▶ TASK PROMPT
Given these entries, repeat exactly the lines starting with the one that has "A sign with" and going on through the one that has "Lailiel is a", both included, but none of the pictures.

▶ RECORDS SHOWN
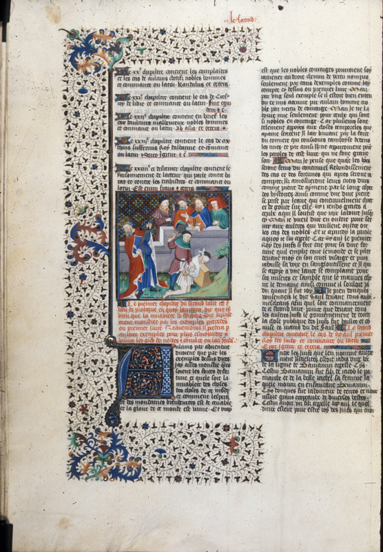 Londra, British Library, Royal 18 D VII, f. 79v. Marco Manlio Capitolino viene gettato dalla rupe Tarpea (raffigurata come una torre); alcuni uomini discutono tra loro.
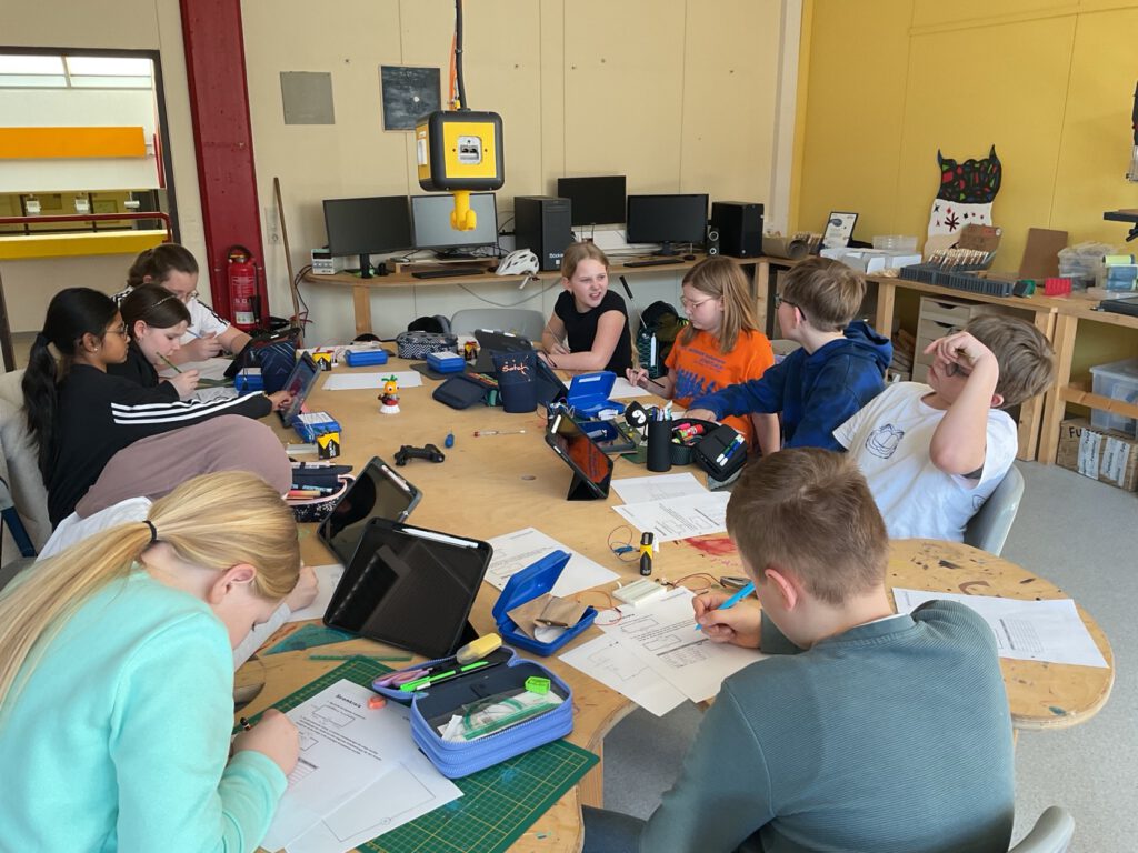 In unserer Nachwuchs-AG im Maker Space sind die Fünftklässlerinnen und Fünftklässler mit großer Begeisterung in die Welt des Tüftelns und Konstruierens gestartet. In der ersten Sitzung Anfang März haben sie sich grundlegendes Wissen über einfache Stromkreise sowie den sicheren Umgang mit Werkzeugen angeeignet. Mit viel Kreativität entstanden bereits erste Skizzen fantasievoller Bürsten-Tiere. Diese werden die
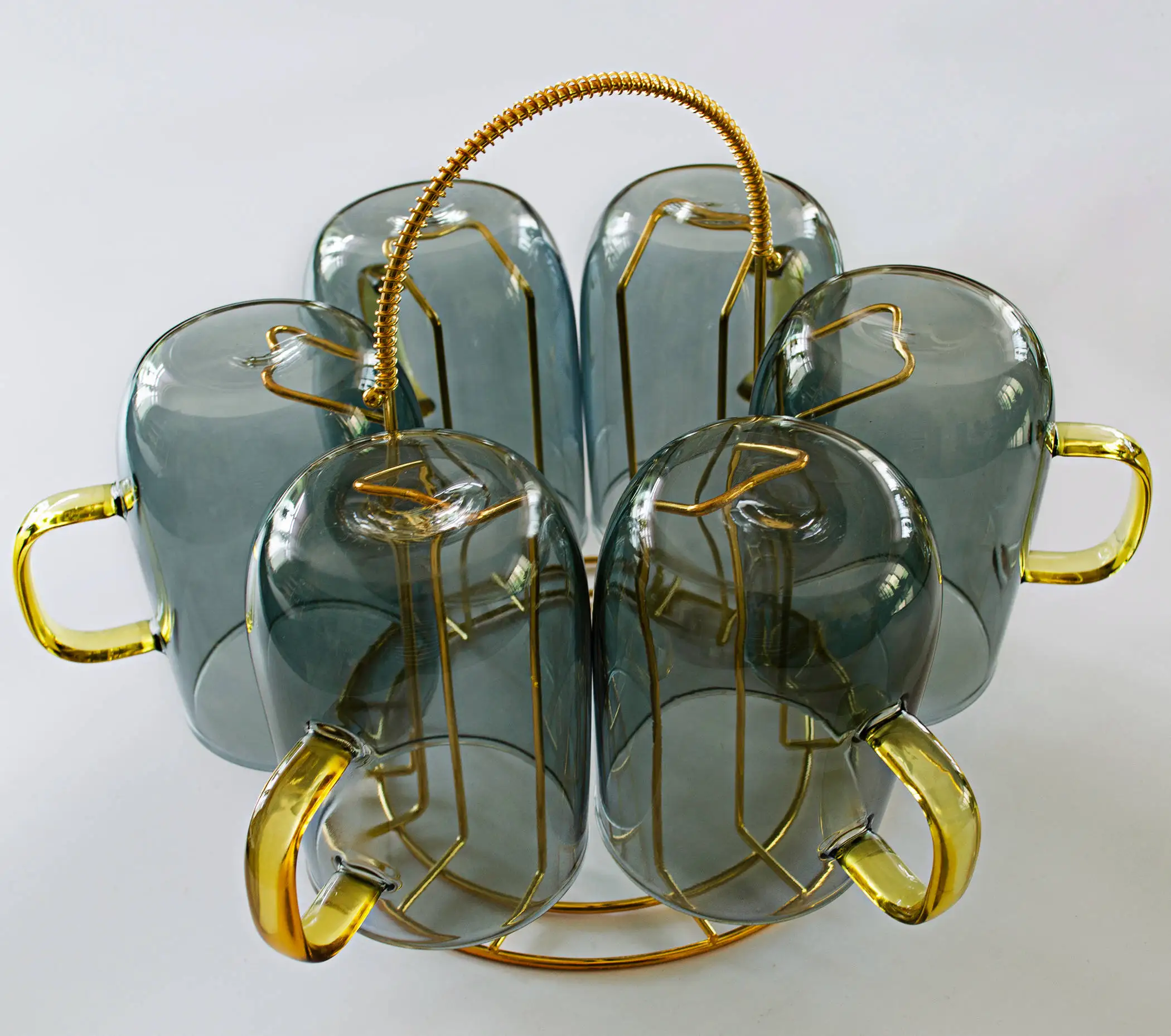 Counter Golden Metal Round Mug Hooks Home Kitchen Storage Rack & 6PC Coffee Tea Cups - Купить с бесплатной доставкой
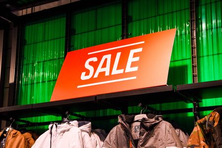 A sign with the inscription SALE in white on a red background in the trading floor of casual clothing store. Fashion concept, discount season, black friday, offline shopping, gimmicks, holiday sales.
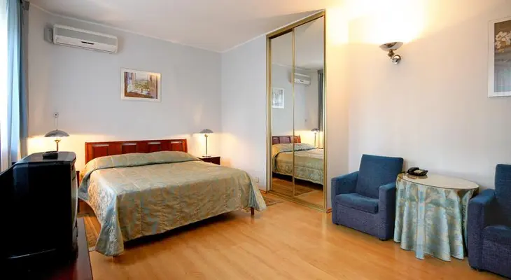 It might be an advantage or a disadvantage, depending on your point of view, but this centrally-located hotel has the best view in town of the giant Palace of Culture and Science. — Lonely Planet
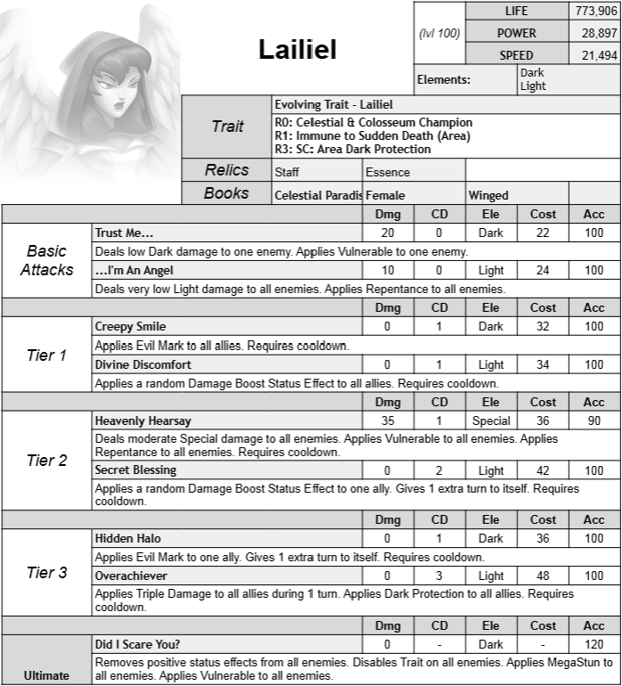 Lailiel is a Dark and Light Support monster with Dark Protection, Evil Marks, and random Damage Boosts skills.
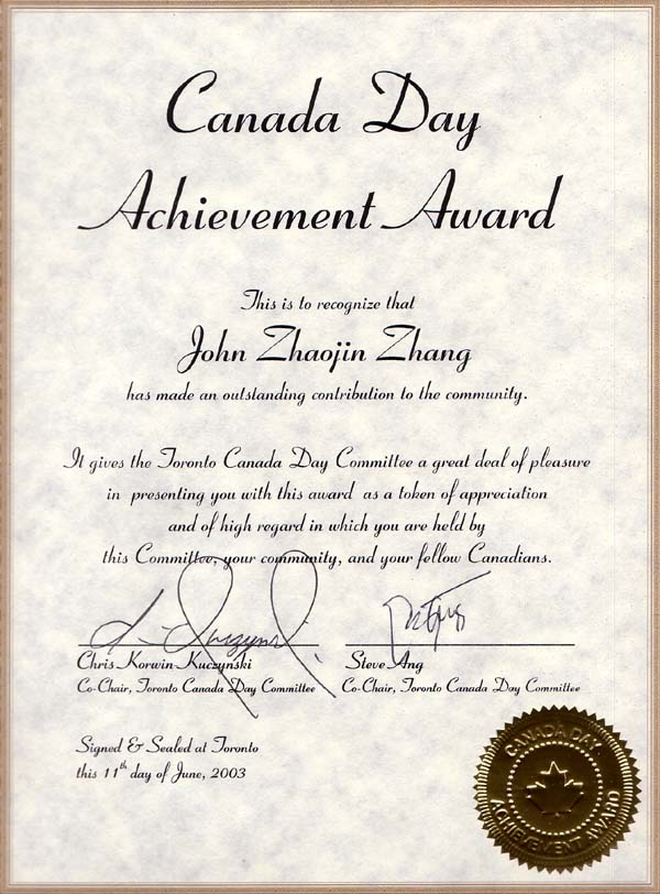 颁发仪式上宣读的给张照进先生颁奖的理由是:在过去5年中,他义务担任法轮大法学会的协调工作,参与组织了许多有益于社会的活动,这些活动吸引了数千名民众学炼法轮大法。此外,他还给无辜被拘留在其它国家的一名加拿大永久居民提供了帮助,由于他和他的同事们的这种帮助,这位与他素不相识的女士很快安全返抵加拿大。   张照进先生获颁的褒奖张照进先生来自大陆,任职于乔治布朗大学,平时热心于社区服务,对社会贡献良多,同时他也是一名法轮功义务联系人。据了解,法轮功学员因为贡献社区而获奖在加拿大并不少见,但因修炼法轮功并因为成功营救受迫害学员而获奖这在加拿大尚属于首次。 共同主席之一多伦多市议员考文-库任斯基(Chris Korwin Kuczynski)先生说:“获奖者不为金钱,无私奉献。他们中的许多人都是杰出的社会服务人士,这是我的责任去向他们道一声‘谢谢’,尤其是在国庆之际。拥有这样的公民,这样的人才资源,是加拿大成为一个伟大国家的原因,我为他们感到非常自豪。” 据多伦多市政府庆祝加拿大国庆委员会的共同主席之一、当地侨领洪世忠先生介绍,在过去的二十年里,这个委员会每年都要给对国家、社区做出杰出贡献的人士颁奖。候选人都有5年以上的义工经验、经社区推举、由委员会审查后选拔出来。今年得奖者中,除法轮功学员张照进先生外,华人有十多名,包括前香港中文大学新闻系主任,还有一名从大陆移居加拿大20多年、一直致力于把中医介绍给西方社会的中医师。 获奖人张照进先生认为,这不仅仅是对他个人的褒奖,而是对所有法轮功学员的褒奖。他说,“这表明了加拿大政府和人民对法轮大法及其所提倡的真善忍有非常全面的了解,同时也体现了加拿大政府和人民对法轮功的支持和尊敬。因为加拿大这个国家是非常注重义工的国家。志愿者和义工是非常受人尊敬的。法轮功学员对加拿大社会的贡献有目共睹。”

▶ SOLUTION TO THIS PROBLEM
 A sign with the inscription SALE in white on a red background in the trading floor of casual clothing store. Fashion concept, discount season, black friday, offline shopping, gimmicks, holiday sales.
 It might be an advantage or a disadvantage, depending on your point of view, but this centrally-located hotel has the best view in town of the giant Palace of Culture and Science. — Lonely Planet
 Lailiel is a Dark and Light Support monster with Dark Protection, Evil Marks, and random Damage Boosts skills.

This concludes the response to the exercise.